The Rohit Shetty directional comedy movie ‘Cirkus’, featuring actors Ranveer Singh and Varun Sharma hit the theatres on Friday (December 23).
Amidst the fanfare, an old interview of Shetty with ‘film critic’ Anupama Chopra has also been doing the rounds of the internet. The video was originally uploaded on the Youtube channel ‘Film Companion’ on Aug 7, 2014.
In the interview, Anupama Chopra asked director Rohit Shetty about his ability to maintain the common touch and live up to the expectation of the masses. The film director quickly seized the opportunity to take potshots at the host.

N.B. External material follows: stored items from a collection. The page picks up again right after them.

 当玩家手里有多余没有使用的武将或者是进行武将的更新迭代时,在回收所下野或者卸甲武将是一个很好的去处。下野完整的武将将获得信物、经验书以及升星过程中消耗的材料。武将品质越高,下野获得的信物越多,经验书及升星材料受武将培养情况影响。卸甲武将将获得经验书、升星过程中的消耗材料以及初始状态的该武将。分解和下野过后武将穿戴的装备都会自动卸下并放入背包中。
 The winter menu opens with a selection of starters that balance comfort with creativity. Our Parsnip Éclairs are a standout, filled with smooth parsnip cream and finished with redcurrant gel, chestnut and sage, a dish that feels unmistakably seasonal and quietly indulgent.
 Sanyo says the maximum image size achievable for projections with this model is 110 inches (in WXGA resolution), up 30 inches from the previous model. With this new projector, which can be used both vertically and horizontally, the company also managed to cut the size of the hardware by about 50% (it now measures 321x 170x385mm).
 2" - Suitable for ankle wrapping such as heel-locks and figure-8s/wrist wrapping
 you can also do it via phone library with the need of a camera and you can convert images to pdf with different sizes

Rohit Shetty made Anupama Chopra speechless #Cirkus #rohitshetty #Bollywood pic.twitter.com/jLobPupmUf
— B’wood (@Twentyo52159919) December 17, 2022
“Yes, the connect with the common man is very important. That’s what we are losing now. I am talking about the industry or the critics. You go to a Starbucks and you will meet like-minded people,” Shetty remarked.

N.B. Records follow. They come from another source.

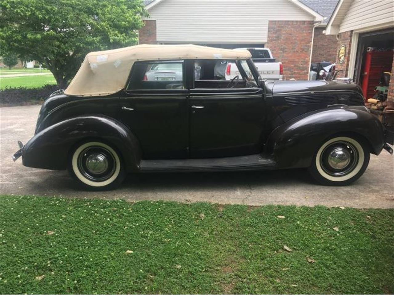 This 1938 Ford Deluxe, 81A 4 door convertible is a very rare car, only 2,743 were produced. The engine is the original V8 Flat head rated at 85 horsepower@ 3,800 RPM. This car has 94,440 miles and a manual transmission. This car came with a lot of options: fender skirts, bumper guards, radio, clock, glove box, cigar lighter, side mirrors, dual wipers, dual tail lights, amber fog lights, locking gas cap, glove box lock, wheel trim bands, deluxe hub caps, White side wall tires, deluxe steering wheel and license plate frame. This car comes with a clear title. The front tag is an original rare New York 1938 Worlds fair tag.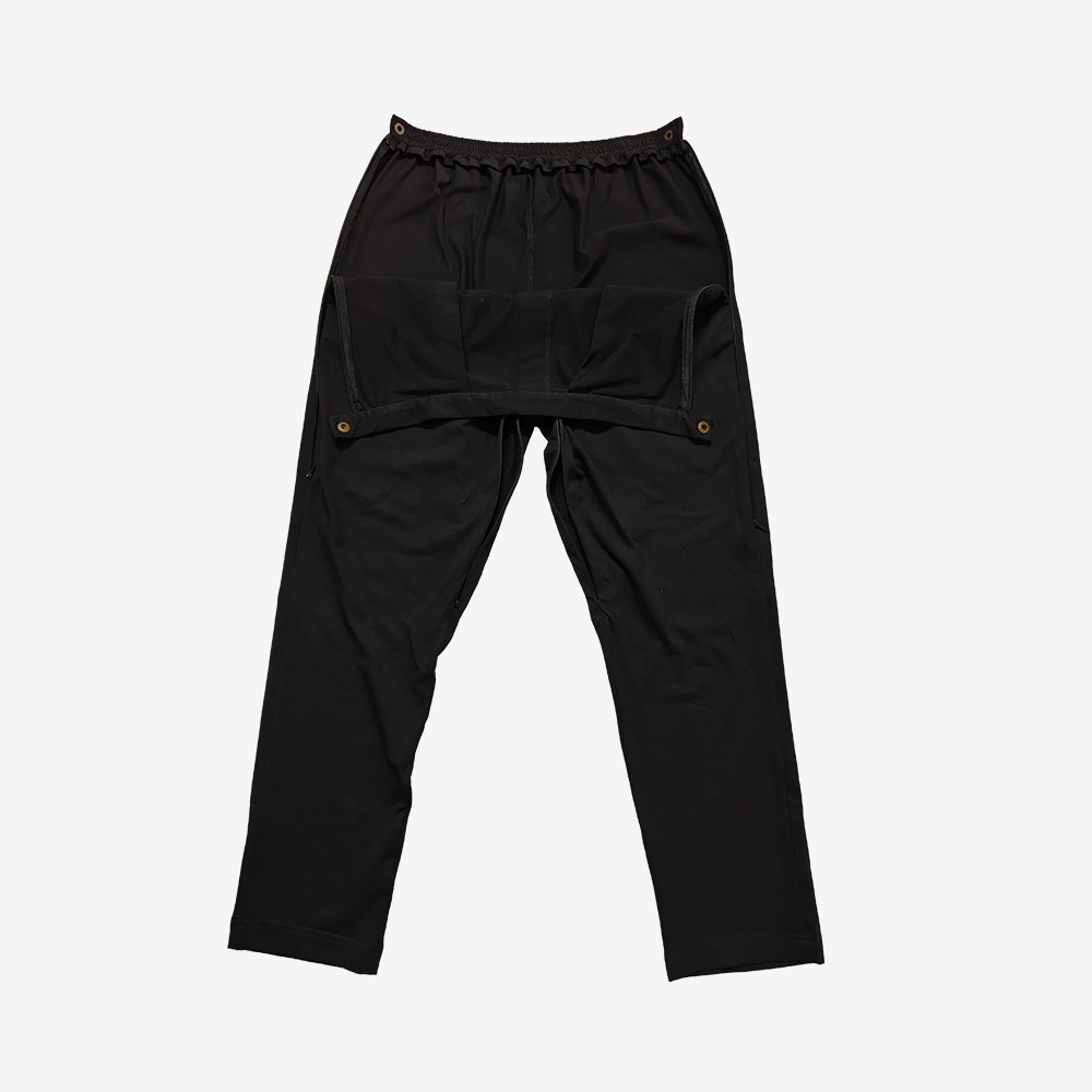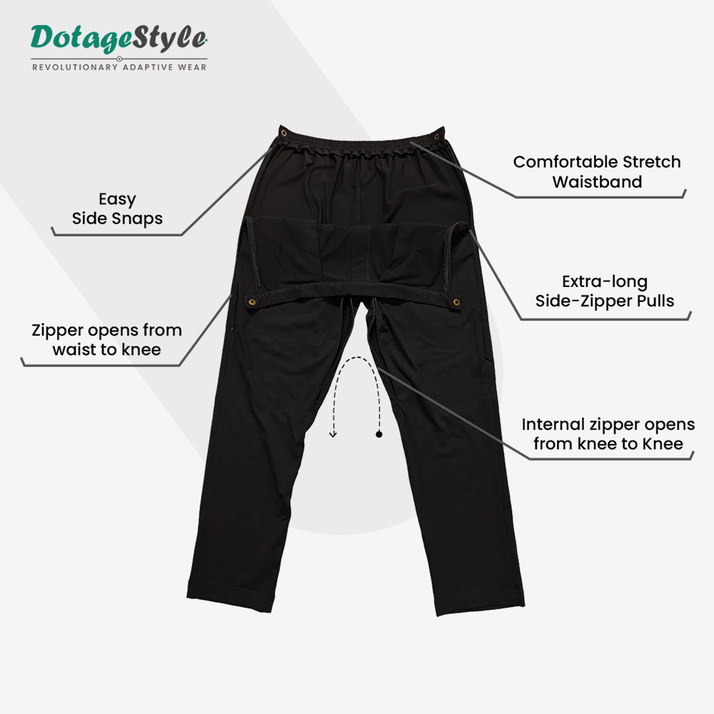 - Center Inseam Opening (Knee to Knee): A discreet front opening along the inseam from knee to knee allows improved access for catheter management, medical exams, and seated comfort.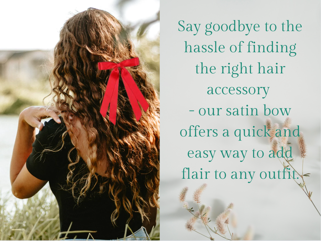 Say goodbye to the hassle of finding the right hair accessory - our satin bow offers a quick and easy way to add flair to any outfit. With its classic design and high-quality satin material, it effortlessly transitions from day to night, making it suitable for all occasions.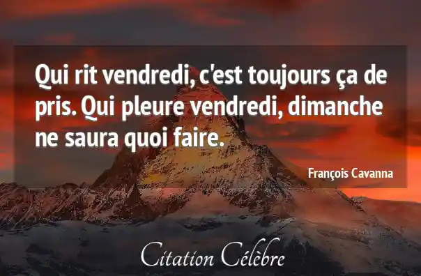 Qui rit vendredi, c'est toujours ça de pris. Qui pleure vendredi, dimanche ne saura quoi faire.
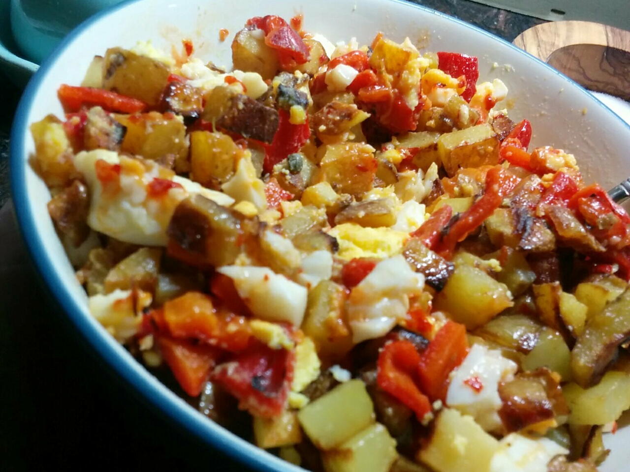 Dice potatoes and fry them on cast iron. I used olive oil and a nice medium-low temp.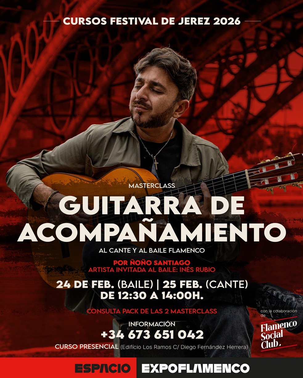 Clase centrada en el acompañamiento al baile por soleá, abordando en profundidad la estructura, las llamadas, los cierres, los remates y el diálogo real entre guitarra y baile. Los alumnos podrán preguntar, resolver dudas y comprender el concepto del acompañamiento desde una perspectiva práctica y musical. La clase se realizará con la bailaora Inés Rubio como artista invitada, para poner en práctica el acompañamiento real al baile, con ejemplos concretos y situaciones reales de escena. Nota: La participación en los dos cursos de Ñoño tienen un precio reducido.

“And then you’ll feel bad and you’ll support PETA and you’ll support stray dogs. But if a nariyal pani wala (coconut seller) is liking the film, then, you say it’s mass-y. This is hypocrisy. You guys look down upon mass-y films (referring to movies that appeal to the common people),” he further emphasised.
Rohit Shetty added, “Who is mass? They are poor people. So it is a bad film? It’s not…How you all escape? With due respect to Mr Yash Chopra, I saw your review of Jab Tak Hai Jaan.”
“You said where will a waiter fall in love with a multi-millionaire? Okay, it will fall in Yash Chopra’s world. Why can’t cars fly in Rohit Shetty’s world? So there is a kind of hypocrisy that ‘We are intellectuals.’ That is there. And it is sad,” he pointed out her glaring hypocrisy.
An embarrassed Anupama Chopra was left with no option but to nod in agreement. “Absolutely. No, your movies can (blow up cars in the air) and they do. Very successfully.”
Anupama Chopra and her controversial movie reviews
Earlier, this year, the ‘film critic’, while reviewing the Vivek Ranjan Agnihotri-directed film ‘the Kashmir Files’, had blatantly denied that genocide of Hindus ever happened in Kashmir.
The review had called the movie a bad attempt at propaganda or worse, a “revisionist drama” saying that the “film reimagines the exodus as a full-scale genocide – where every Hindu is a tragic Jew, every Muslim is a murderous Nazi”.
The review that was written by Chopra’s sidekick further read, “Even if I were to buy into the film’s dodgy worldview, the film-making is exploitative – geared towards riding the current wave of Hindu nationalism rather than empathizing with the displaced victims of history.”
Anupama Chopra had also published a piece decrying the popularity of SS Rajamouli’s recent release RRR in the USA, complaining that Americans were celebrating a toxic Hindutva movie that upheld caste hierarchy and Kshatriya pride.